**STUDY MATERIAL:**
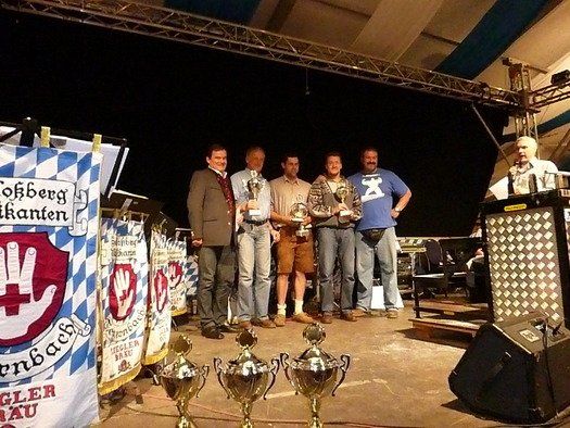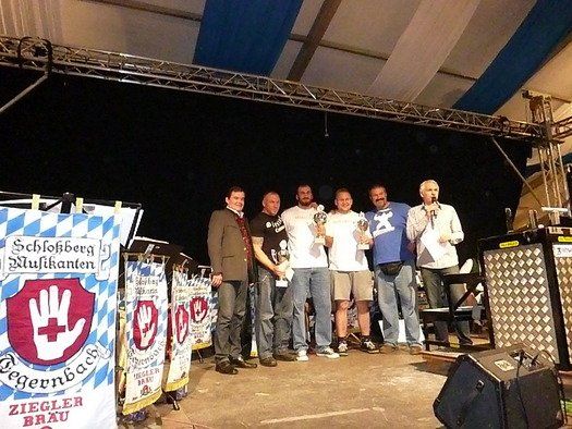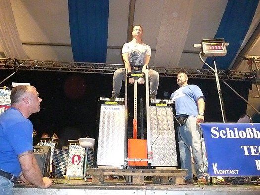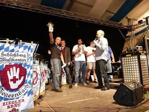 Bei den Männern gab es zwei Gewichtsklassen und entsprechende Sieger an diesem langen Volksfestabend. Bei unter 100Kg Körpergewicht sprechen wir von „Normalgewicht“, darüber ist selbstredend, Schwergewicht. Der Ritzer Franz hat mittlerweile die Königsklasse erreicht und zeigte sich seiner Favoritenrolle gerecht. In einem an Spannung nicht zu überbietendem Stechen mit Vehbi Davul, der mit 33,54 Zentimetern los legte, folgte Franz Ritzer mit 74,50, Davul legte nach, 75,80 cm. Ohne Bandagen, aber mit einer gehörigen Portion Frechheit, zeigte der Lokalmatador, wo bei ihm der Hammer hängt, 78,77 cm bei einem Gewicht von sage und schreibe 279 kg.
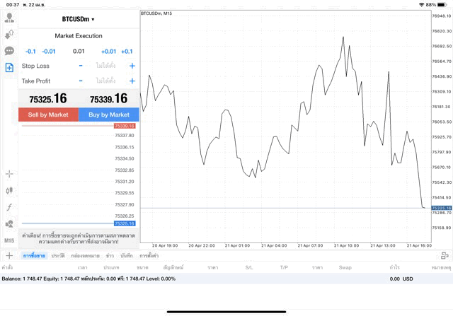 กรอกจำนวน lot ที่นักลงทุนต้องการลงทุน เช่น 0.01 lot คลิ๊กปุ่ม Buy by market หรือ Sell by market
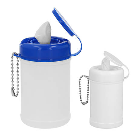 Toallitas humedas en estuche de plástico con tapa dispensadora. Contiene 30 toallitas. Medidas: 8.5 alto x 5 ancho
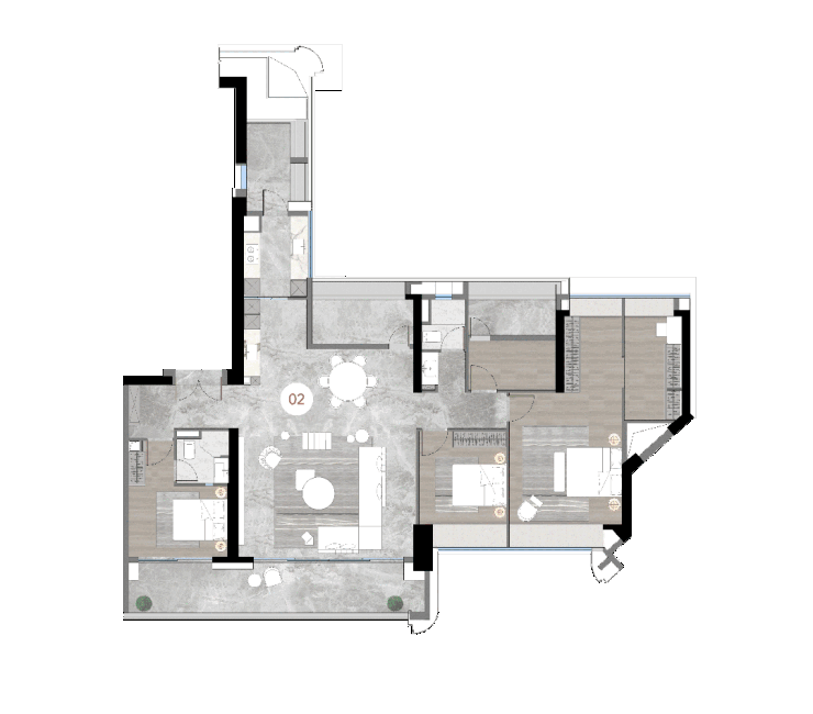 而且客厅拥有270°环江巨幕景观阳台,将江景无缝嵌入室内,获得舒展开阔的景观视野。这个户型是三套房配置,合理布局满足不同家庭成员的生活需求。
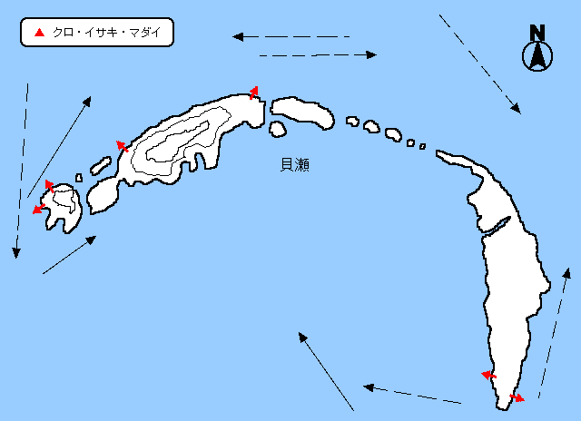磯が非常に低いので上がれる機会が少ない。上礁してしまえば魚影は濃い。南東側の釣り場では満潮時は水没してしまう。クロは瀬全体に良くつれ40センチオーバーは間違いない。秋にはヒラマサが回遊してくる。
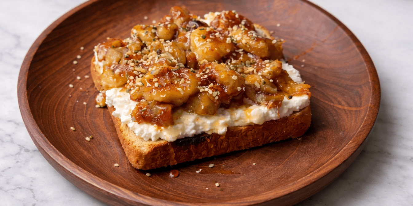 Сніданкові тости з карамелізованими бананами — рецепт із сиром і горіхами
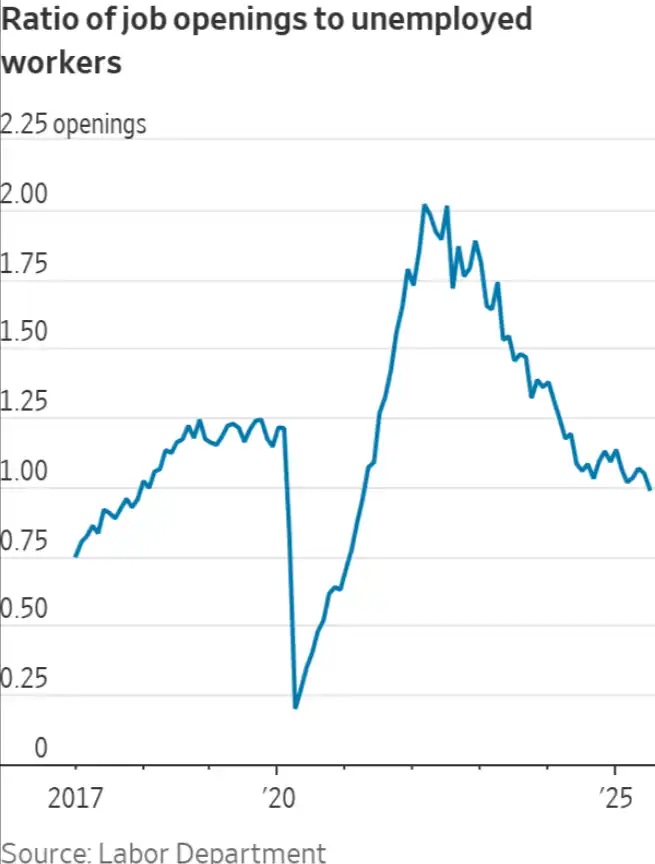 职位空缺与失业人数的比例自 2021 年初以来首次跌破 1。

**PROBLEM:** Output the data above exactly, excluding images.

**SOLUTION TO THE PROBLEM:**
 Bei den Männern gab es zwei Gewichtsklassen und entsprechende Sieger an diesem langen Volksfestabend. Bei unter 100Kg Körpergewicht sprechen wir von „Normalgewicht“, darüber ist selbstredend, Schwergewicht. Der Ritzer Franz hat mittlerweile die Königsklasse erreicht und zeigte sich seiner Favoritenrolle gerecht. In einem an Spannung nicht zu überbietendem Stechen mit Vehbi Davul, der mit 33,54 Zentimetern los legte, folgte Franz Ritzer mit 74,50, Davul legte nach, 75,80 cm. Ohne Bandagen, aber mit einer gehörigen Portion Frechheit, zeigte der Lokalmatador, wo bei ihm der Hammer hängt, 78,77 cm bei einem Gewicht von sage und schreibe 279 kg.
 กรอกจำนวน lot ที่นักลงทุนต้องการลงทุน เช่น 0.01 lot คลิ๊กปุ่ม Buy by market หรือ Sell by market
 Toallitas humedas en estuche de plástico con tapa dispensadora. Contiene 30 toallitas. Medidas: 8.5 alto x 5 ancho
 而且客厅拥有270°环江巨幕景观阳台,将江景无缝嵌入室内,获得舒展开阔的景观视野。这个户型是三套房配置,合理布局满足不同家庭成员的生活需求。
磯が非常に低いので上がれる機会が少ない。上礁してしまえば魚影は濃い。南東側の釣り場では満潮時は水没してしまう。クロは瀬全体に良くつれ40センチオーバーは間違いない。秋にはヒラマサが回遊してくる。
 Сніданкові тости з карамелізованими бананами — рецепт із сиром і горіхами
 职位空缺与失业人数的比例自 2021 年初以来首次跌破 1。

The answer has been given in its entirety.